The group quieted. Each thinking, pondering, I suspected. What would they do if they had a plane trip and 24 hours? Where would they go? What could they tick off of their own secret bucket lists?
And that’s when it happened. Maribeth (yes, I have another friend named some version of Mary Beth. Actually I have a four. Like friends named Cathy, I collect them. It makes my life easier. Except when it comes to spelling each one correctly)…my other friend named Maribeth sat back and looked out past the porch screens and into the summer night. She took a long meaningful drag of her wine and sighed deeply.
“I wanna see the Heads.”
“What the hell are ‘the Heads'” Julie challenged.
“Mount Rushmore. The Heads,” Maribeth sat up. “Who’s with me!”
“I’d see The Heads,” I shrugged, still basking in my newly found travel bravery. Plus by this time I was well into my third glass of Pinot Grigio.
“I’m serious,” she said, setting her wine down and moving purposefully to the edge of her seat. “Phil has no desire to see them and I want to,” she announced, referring to her husband. “And,” she sat back, draping her arms on either side of the chair, “I want to do it in an RV.”
Bam. The mood shifted, the voices got louder, while the wine and laughter flowed. Eventually iPhones and iPads were out while everyone was talking over each other sharing mileage, travel tips and roadside attractions.
Fall, 2014 it was decided. “Think about it,” Maribeth explained. “Everyone’s last child will be off to college by then with any college age daughters just starting their sophomore year.” As a mother of four girls I nodded knowingly. “Those first few weeks of a daughter’s freshmen year are spend talking them off a ledge about every few days,” Maribeth explained to Julie, a mother of two boys. Anna, mother of three girls herself agreed, adding with a fake phone up to her ears: “Hi honey, how’s freshman year? What’s that? Your roommate hates you? So sorry but I gotta go dear! The Corn Palace is waiting!”
The evening continued, while the conversations drifted in and out of the trip and on to other things. “Even though there’s only six of us, we’re gonna need an RV that sleeps 8-10,” I said, interrupting one of the wives discussions about her husband’s back problems. The girls looked up. “I mean, I love all of your but I’m not sharing a bed. Or,” I said looking down at the RV layout on line, “A spacious sleeping cab located above the driver and passenger seats.” Eileen, whose parents spent summers taking their family to various college teaching jobs via an RV, laughed the loudest. “You don’t even want to know how small that space is!”
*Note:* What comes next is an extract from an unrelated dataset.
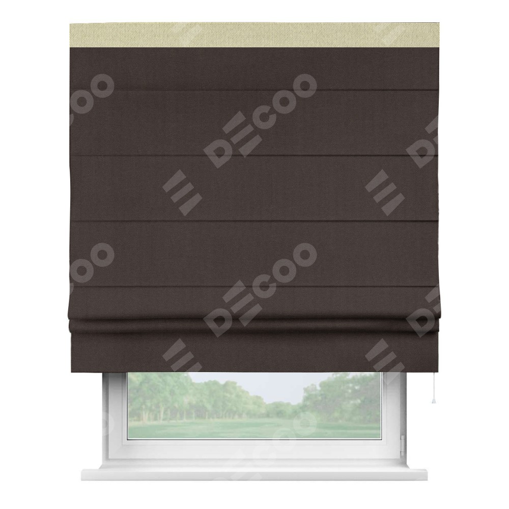 Римская штора пошита из ткани лён димаут венге, артикул: 91001, с отделкой кантом «Кинг» отличается своей необычной особенностью: кант располагается исключительно сверху шторы. Такой дизайн делает акцент на верхней части окна, визуально поднимая потолок и придавая интерьеру более возвышенный и изысканный вид. Отделка кантом на верхней кромке не только украшает штору, но и может служить дополнительной защитой от износа в месте наибольшего контакта с механизмом управления шторой.

“Wait,” Maribeth said, wildly waiving her arms, trying hard to swallow her wine. “I said I wanted to take a trip in an RV to see the Heads. I didn’t say that I wanted to sleep in an RV!” Which prompted a lengthy laugh-fest describing what a Real Housewives of Chicago Suburbs RV road trip would really look like. A contest to out-bling each other to consume the rest of the evening.
Little did we know that on a summer evening two years ago the wine soaked seeds of an adventure been planted. And that with a little more wine, it would actually take hold, sprout and continue to grow.
The result is: in just a few short days six women will pack six cases of wine and 289 Vera Bradley bags into a 30-foot RV to go see four dead Presidents.
Wonder if Wall Drug has a Mount Rushmore tea cup? Oh I hope so!